In 1938 Dodson accepted a position at Spelman College in Atlanta, where his work as a director greatly impressed the school's most distinguished resident, W.E.B. DuBois. In 1941, after teaching briefly at the Hampton Institute in Virginia, he enlisted in the navy. He was discharged in 1943 for medical reasons and received a Rosenwald Fellowship.

He taught at Howard University, where he was chair of the Drama Department, from 1947 to 1970.[3] James V. Hatch has explained that Dodson "is the product of two parallel forces—the Black experience in America with its folk and urban routes, and a classical humanistic education."[4] Dodson's poetry varied widely and covered a broad range of subjects, styles, and forms. He wrote at times, though rarely, in black dialect, and at others quoted and alluded to classical poetry and drama. He wrote about religion and about sexuality—he was gay, though he was briefly engaged to Priscilla Heath, a Bates classmate.[3] One critic describes him as "a brilliant, gay man who discovered his sexual preference early in life, but who was nevertheless unlucky and unhappy in several ill-fated relationships."[5] He was closely associated with poets W.H. Auden and William Stanley Braithwaite, but his influences were difficult to pin down. In an interview with Charles H. Rowell, he said: Well, every writer, at the beginning of his career, is influenced by somebody. Surely it's true that the ragtime rhythms of Langston Hughes and the order of Countee Cullen, his devotion to the church, have influenced me. But you know if you listen to Bach and then listen to the early Haydn you can see a cross between the two--you can see that Bach was influenced by Haydn. Then, if you listen to Haydn at his maturity and then listen to Beethoven, then you can see that Beethoven was influenced at the beginning of his career. And if you listen to the greatest Beethoven and then you listen to the early Brahms, you can see that the early Brahms was influenced by the later Beethoven. Then he became his own style. He got his own idea of life. You admire your father, and you imitate his gestures and his stance--the way he talks, the way he holds his glass, the way he kisses his wife. There is something about him that influences you. But then as you grow older, you begin to get your own style, your own class, your own idea of what is going on. Oh, yes, it's true that Langston Hughes and Countee Cullen influenced me.[6] In drama, he cited Henrik Ibsen as an influence, though again as an initial relationship later to be reworked and half-forgotten.[6] Dodson's two novels are generally considered to be autobiographical.[3]

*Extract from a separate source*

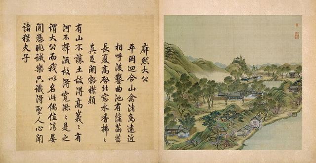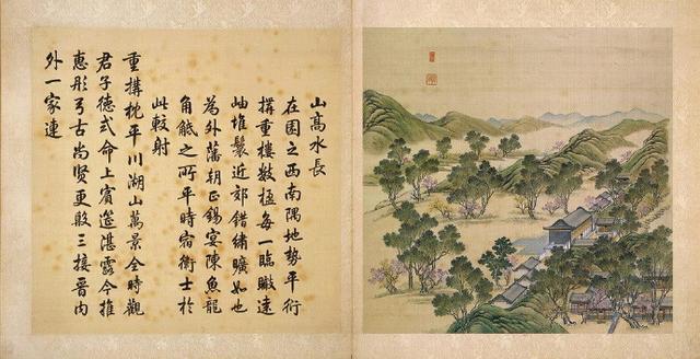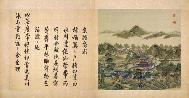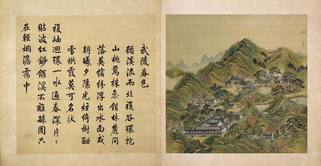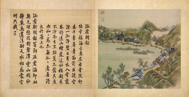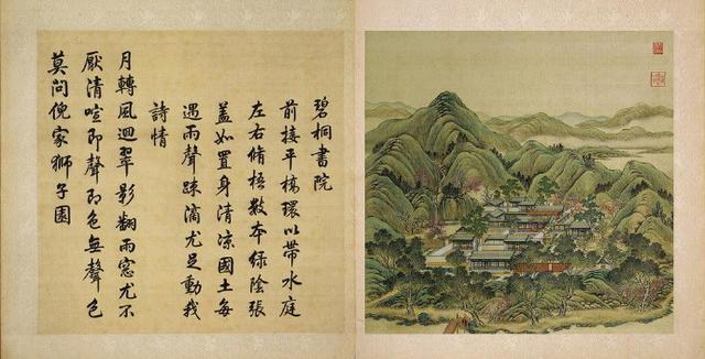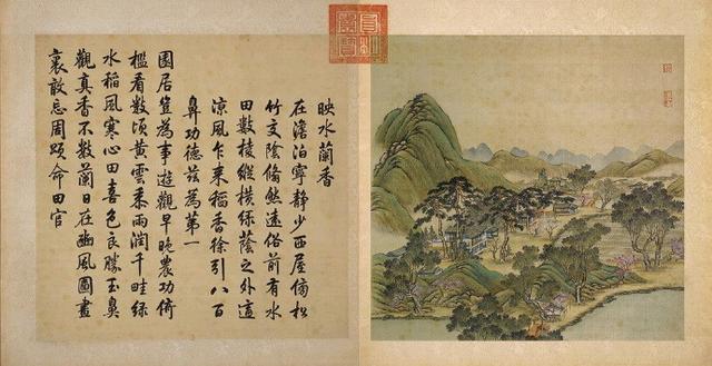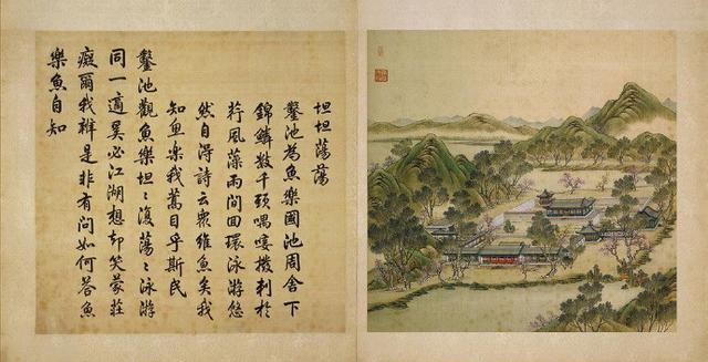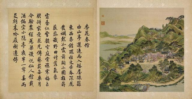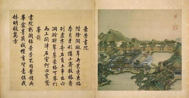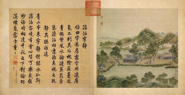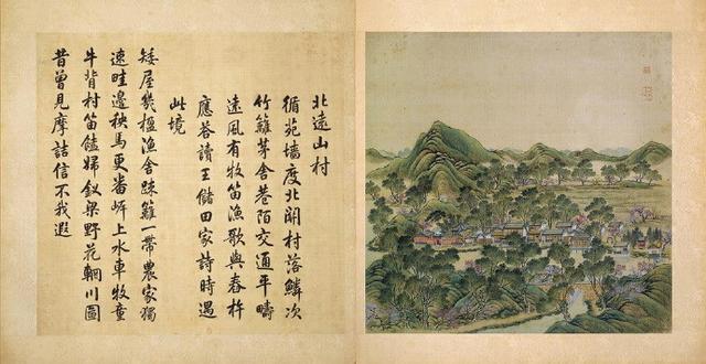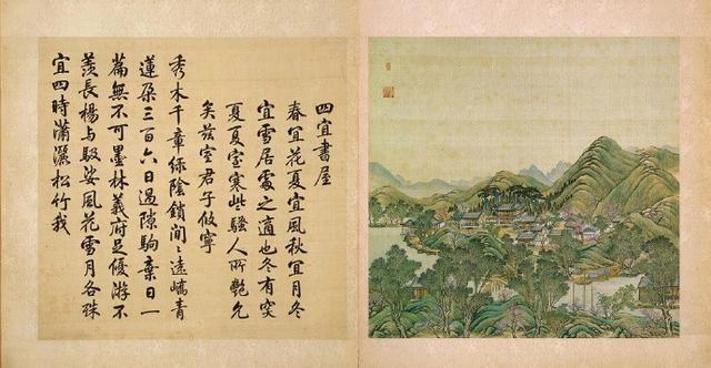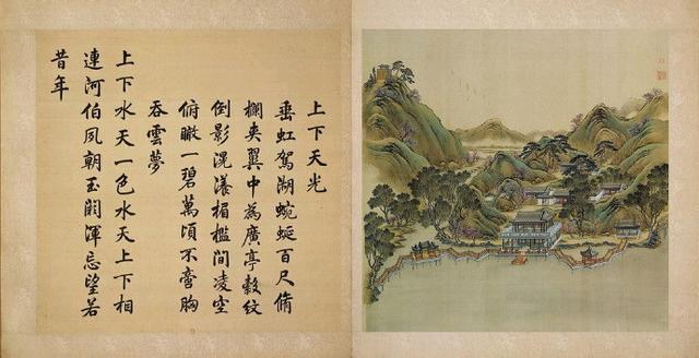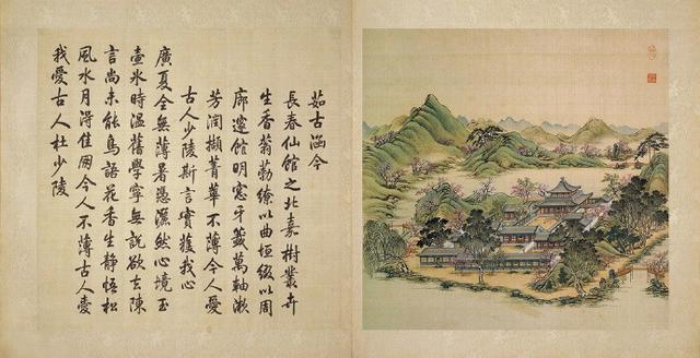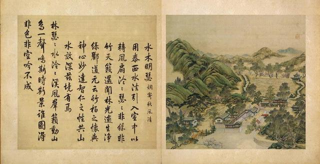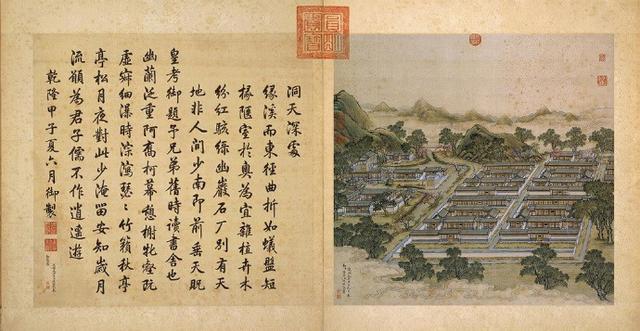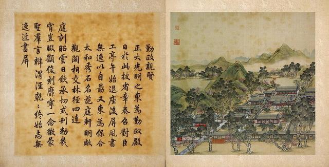 《圆明园四十景图》清代乾隆年间宫廷画家沉源、唐岱绘,绢本彩色,画面宽二尺零四分,高二尺,连装池梭边共宽二尺三寸五分,高二尺六寸,合四十幅;另有汪由敦楷书弘历所作各景题咏四十首,亦四十幅,总共八十幅,为两册。原存圆明园中,1860年被英法联军劫掠,现收藏于法国巴黎国家图书馆。

Dodson lived in his apartment at 1813 16th Street, Washington DC, where, according to his authorized biography, Sorrow Is the Only Faithful One (1993), he “held court for nearly twenty years.” He rented two apartments in a building owned by May Miller. His biographer, James V. Hatch, writes: “There, students saw a home with original paintings, with shelf upon shelf of theater, art, and poetry books, with stacks of classical records; and there they marveled at the two carousel horses that held up the round glass table.” In 1965, he vacated his two apartments when Miller decided to sell the building, and moved to a smaller, two-bedroom apartment at the Columbia Rd. address, until his early retirement from Howard University at age 54, in 1967. When he retired, he moved to New York.

In the 1970s, Owen and his sister Edith moved to 600 West End Avenue, NYC. Dancer David Bryant lived with Owen for a short time at #600 sharing the rent. Then, according to Owen's "The Gossip Book", Bryant borrowed money from Owen's friends, which led to quarrels and Bryant left. In 1973 Hilton Als, aged 13, arrived to #600 with a shopping cart because his teacher Imani Gibbs had informed him that Owen Dobson was giving books away. He carted off a complete set of Dickens. Two years later, he met again Dobson, who is one of the subjects of Hilton Als' 1996 book The Women; according to Als, Dodson was his mentor and lover.[1][7]

In 1974, Dodson moved into an apartment on West 51st Street, New York, with his sister Edith.

Dodson died in 1983 from cardiovascular disease at the age of 69.